● **Aim of the task**:
Repeat exactly the lines of the records below, starting at the line containing "- Go to Settings" and ending at the line containing "在上午的教研环节中,语文与历". Leave the pictures out.

■ ■ ■ ■

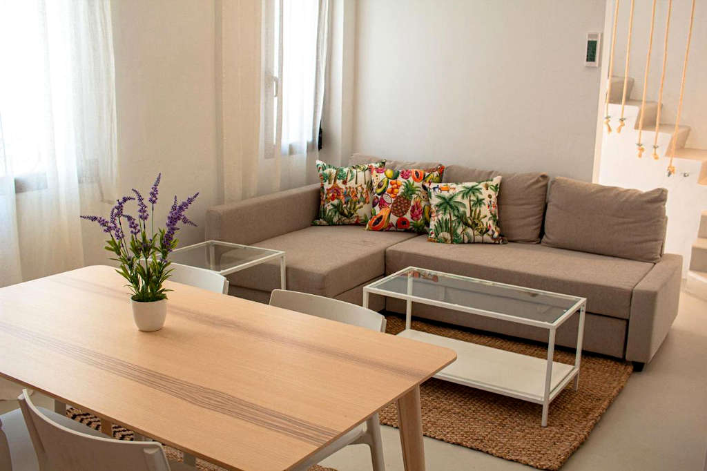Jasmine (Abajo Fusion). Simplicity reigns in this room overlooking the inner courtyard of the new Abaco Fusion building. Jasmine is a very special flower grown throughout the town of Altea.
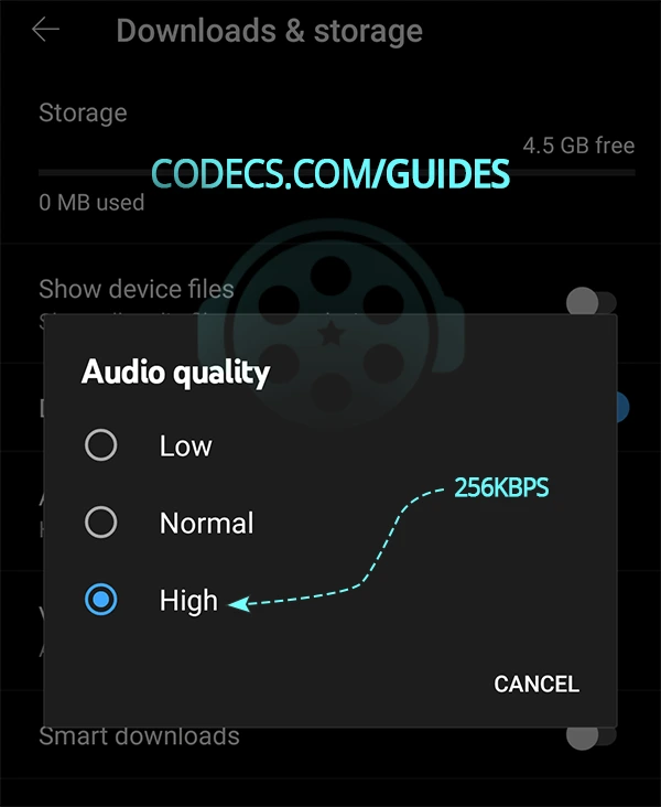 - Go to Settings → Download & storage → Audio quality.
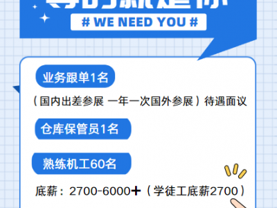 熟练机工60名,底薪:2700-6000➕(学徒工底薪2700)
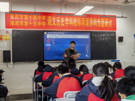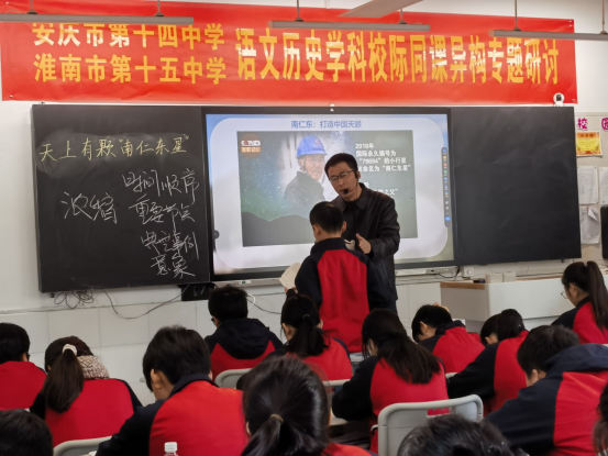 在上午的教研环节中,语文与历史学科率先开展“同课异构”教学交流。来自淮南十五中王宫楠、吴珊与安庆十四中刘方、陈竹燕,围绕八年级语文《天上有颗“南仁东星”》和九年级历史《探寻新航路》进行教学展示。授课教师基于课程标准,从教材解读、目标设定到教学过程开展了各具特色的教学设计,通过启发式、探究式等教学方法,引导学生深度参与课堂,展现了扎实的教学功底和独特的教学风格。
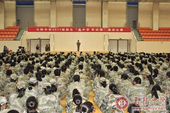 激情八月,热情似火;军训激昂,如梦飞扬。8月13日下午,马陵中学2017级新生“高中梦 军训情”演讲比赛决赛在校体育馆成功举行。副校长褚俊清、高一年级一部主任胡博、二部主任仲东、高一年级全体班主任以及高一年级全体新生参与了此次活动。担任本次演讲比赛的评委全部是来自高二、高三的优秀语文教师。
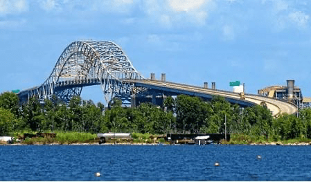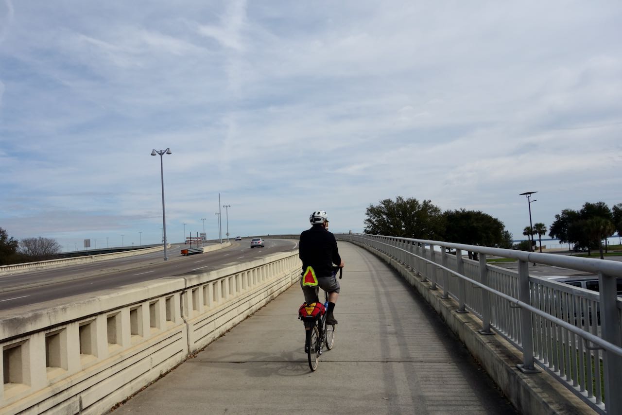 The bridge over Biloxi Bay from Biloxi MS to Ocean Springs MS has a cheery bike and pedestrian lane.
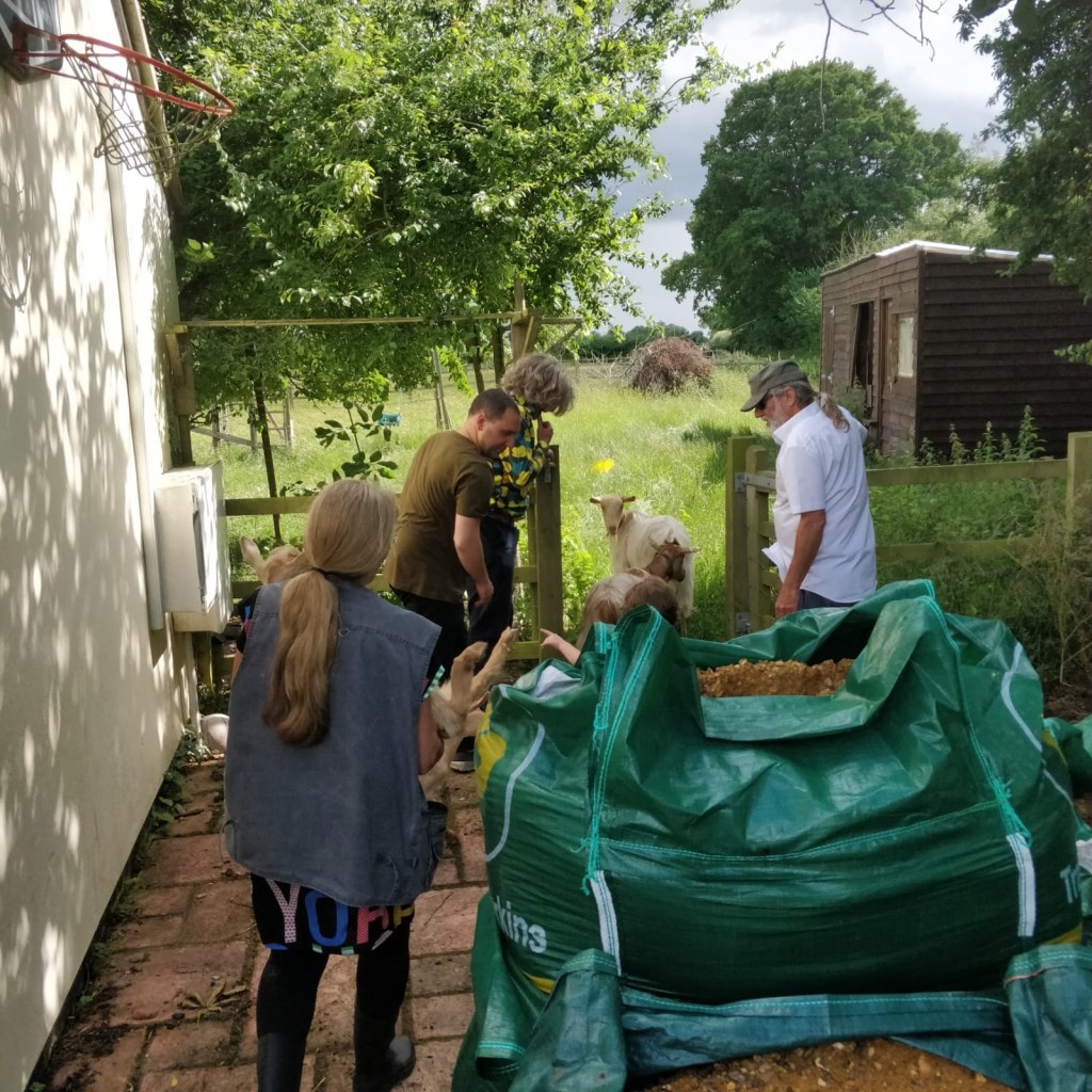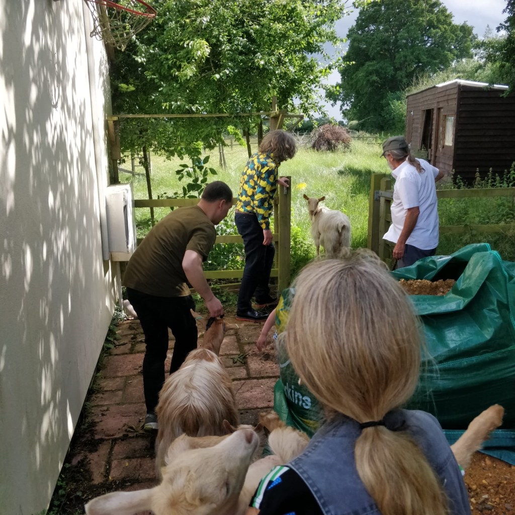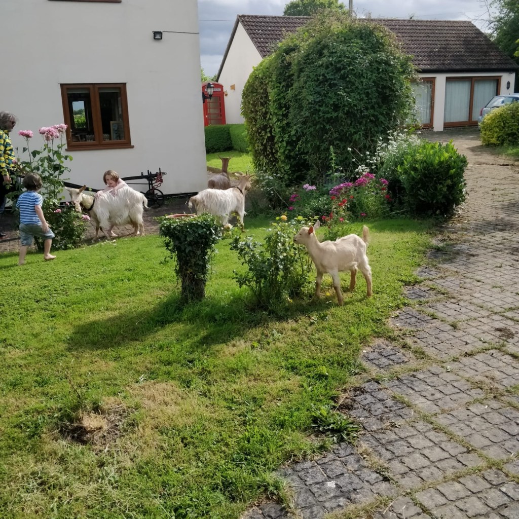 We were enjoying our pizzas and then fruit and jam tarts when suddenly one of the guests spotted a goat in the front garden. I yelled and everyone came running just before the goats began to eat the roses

■ ■ ■ ■

● **Written response**:
 - Go to Settings → Download & storage → Audio quality.
 熟练机工60名,底薪:2700-6000➕(学徒工底薪2700)
 在上午的教研环节中,语文与历史学科率先开展“同课异构”教学交流。来自淮南十五中王宫楠、吴珊与安庆十四中刘方、陈竹燕,围绕八年级语文《天上有颗“南仁东星”》和九年级历史《探寻新航路》进行教学展示。授课教师基于课程标准,从教材解读、目标设定到教学过程开展了各具特色的教学设计,通过启发式、探究式等教学方法,引导学生深度参与课堂,展现了扎实的教学功底和独特的教学风格。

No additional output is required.